В эфире Радио Крым.Реалии крымчанин, который в августе вернулся из зоны АТО. Что заставило уйти на войну человека, ни разу не служившего в армии, почему ему благодарны сотни бойцов и каково место крымчан в вооруженном конфликте на Востоке Украины? Гость в студии – доброволец Михаил «Тайпан».
Your browser doesn’t support HTML5
– Есть два способа смотреть на любую ситуацию: в бинокль и в перевернутый бинокль. Чаще всего в последние полтора-два года, когда мы вспоминаем события Майдана, события, которые разворачивались на наших глазах в Крыму, когда мы говорим об АТО и войне на Востоке Украины, мы смотрим на ситуацию в перевернутый бинокль. То есть делаем обобщения с точки зрения экономики, глобальной геополитики, истории. Но не менее важно уметь посмотреть на проблему через бинокль в максимальном приближении, и воспринимать все, что происходит с нами, через призму личных историй. Сегодня в студии наш земляк Михаил «Тайпан».
Справка:
37-летний Михаил, позывной «Тайпан». С прошлого лета – участник АТО. Прошло два года с тех пор, как он уехал из Крыма: сначала на Майдан в Киев, потом попросился добровольцем на фронт. Служить попал в Национальную гвардию Украины. На сборы понадобилось два часа. Сначала «учебка», потом жизнь на фронте. За его плечами бои в Дебальцево, Попасной и Песках. Там же Михаил познакомился с теперешними лучшими друзьями. Политолог и психолог по профессии, Михаил понимает, что его помощь сейчас больше нужна военным, а не гражданским.
– Скупые слова, но тут целая биография на две книги!
– Спасибо, что пригласили меня. Очень приятно попасть в коллектив людей, которым не безразличен Крым.
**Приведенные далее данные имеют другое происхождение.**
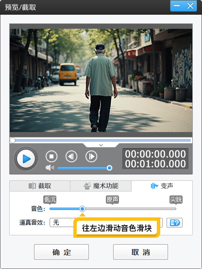 具体操作步骤如下:首先,打开爱剪辑软件,将需要处理的视频和音频导入到软件中。接着,右键点击视频,在弹出的菜单中选择“变声/逼真音效”选项。此时会弹出一个设置框,在“音色”栏目处,我们可以看到一个滑块。将滑块向左滑动,大致调节到中间的位置,就能初步将声音变成老人音。值得一提的是,爱剪辑支持实时试听功能,在调节过程中,我们可以随时点击播放按钮,聆听声音的变化效果,根据实际需求进行微调,直到达到满意的老人音效果为止。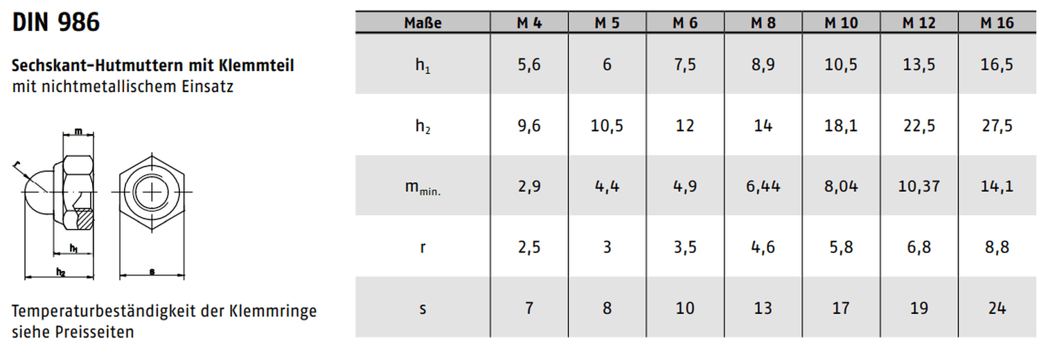 Norm: DIN 986 – Sicherungshutmutter mit nichtmetallischem Einsatz.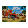 Cette Plaque Métal Massey Ferguson illustre une scène champêtre d’une époque où l’agriculture reposait sur un subtil équilibre entre savoir-faire humain et machines robustes. Au premier plan, un magnifique tracteur Massey Ferguson 35, reconnaissable à sa couleur rouge éclatante et à son design intemporel, avance à travers un champ fraîchement moissonné. Les agriculteurs s’activent autour d’une charrette chargée de bottes de paille, tandis qu’en arrière-plan, une presse bat encore le blé sous un ciel d’été radieux. L’atmosphère chaleureuse et vivante de cette scène évoque un temps où chaque récolte était un moment clé du cycle agricole, marqué par l’effort collectif et la fierté du travail bien fait.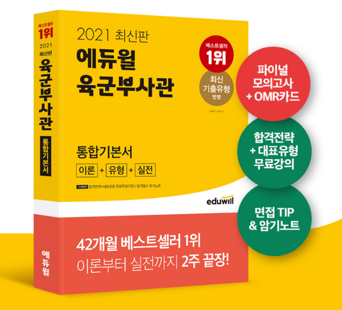 에듀윌의 육군·공군부사관 통합기본서 교재와 ROTC 학사장교 교재는 에듀윌 도서몰, 교보문고, 알라딘, 인터파크 도서 등 온오프라인 서점에서 만나볼 수 있다.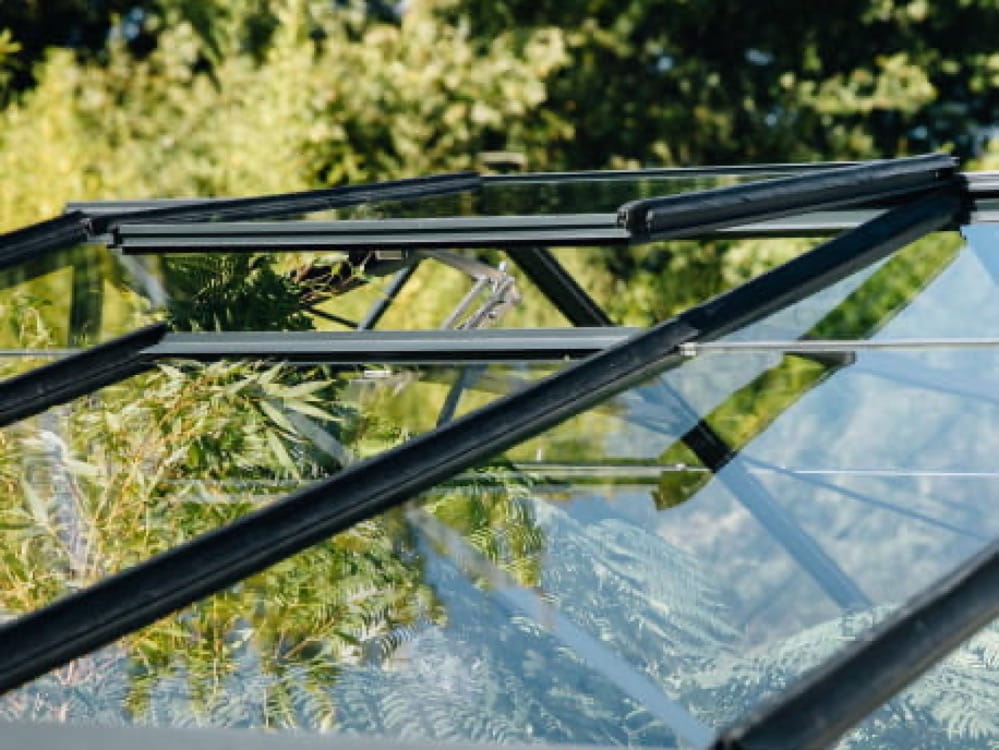 Dzięki przezroczystemu przeszkleniu szklarni promienie słoneczne mogą optymalnie przenikać i utrzymywać ciepło roślin przez cały rok. Ale uwaga: im silniejsze promienie, tym szybciej w szklarni robi się gorąco. W szczycie lata temperatura wewnątrz może osiągnąć nawet 40°C - co nie zawsze jest idealne dla żyjących tam kwiatów i roślin. Aby uniknąć tak wysokich temperatur w szklarni, niezbędna jest dobra cyrkulacja powietrza. Automatyczne otwieranie świetlików zapewnia wentylację przez 24 godziny na dobę, bez konieczności przebywania na miejscu.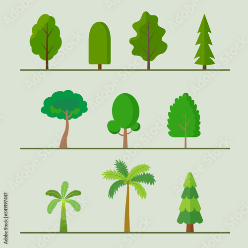 Fototapeta premium Trees flat vector set.Plants element collection.Tropical nature object.Palm tree, banana tree and pine

– Как вообще возникло желание уйти на фронт? Ведь вы один из немногих крымчан, которые воевали в АТО.
– Я думаю, у всех мальчиков есть природная воинственность. Я вспоминаю слова одного из моих учителей – он остался в Крыму, поэтому я не буду его называть. Он пропагандирует китайское учение о том, что каждый мальчик рождается воином, и нужно воспитывать его в духе воина. А потом уже мальчик должен определиться, какой он воин – светлых сил или темных сил. Я родился под такой звездой, наверное, и на меня очень сильно повлияли события в Украине. До этого я никакого отношения к армии не имел, не был знаком ни с оружием, ни с воинским уставом, и мне казалось, что никогда и не познакомлюсь.
– Но вы ушли на фронт в начале октября 2014 года.
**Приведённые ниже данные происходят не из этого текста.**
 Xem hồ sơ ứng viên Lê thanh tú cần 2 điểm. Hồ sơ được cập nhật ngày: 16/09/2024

– Я попал в военкомат в августе, попросил, чтобы меня взяли. Дальше до конца сентября я проходил службу в «учебке» под Львовом. С 1 октября попал в зону АТО, у нас было две ротации в Дебальцево, третья – в Попасной. Из Дебальцево, благодаря знакомству с такими волонтерами, как Хоттабыч, Галя Алмазова, Оля Кроха, Шаман, я попал в аэропорт к ребятам… Я не вступал в открытый бой с сепаратистами, я оказывал помощь нашим бойцам в плане реабилитации. Я делал им массажи, вправлял хребты – это очень актуально. Бронежилеты тяжелые, а еще очень сильная психологическая нагрузка.
– Август 2014 года, когда вы уходили на фронт – это, прежде всего, Иловайск. Тогда уже не было никаких иллюзий, с кем сражается украинская армия, что по ту сторону фронта никакие не трактористы, а батальоны и тактические группы. Были обстрелы «Градами» с территории Ростовской области, было ясно, что поход в военкомат может стать билетом в один конец. Было страшно?
– Однозначно, но тогда чувствовалась прямая угроза. И Иловайск, и другие события – из них вышли герои, на которых мы смотрели. В первую очередь – Небесная сотня, батальоны, которые ушли на фронт прямо с Майдана, батальон имени генерала Сергея Кульчицкого, на базе которого сформировали наш батальон Национальной гвардии. Невозможно было не пойти.
– У вас родные остались в Крыму – с ними это решение как-то обсуждали или решали самостоятельно?
– Они живут и на полуострове, и в самой Российской Федерации. Я очень благодарен, что они воспитали меня в демократическом стиле, так сказать. Я не советовался, я проинформировал их только после того, как демобилизовался.
– Какая реакция была?
Мне кажется, родные меня больше любят, чем понимают
– Мне кажется, они меня больше любят, чем понимают. Разумеется, переживали, но помолились Богу за то, что я пришел живой. Была одна контузия, конечно.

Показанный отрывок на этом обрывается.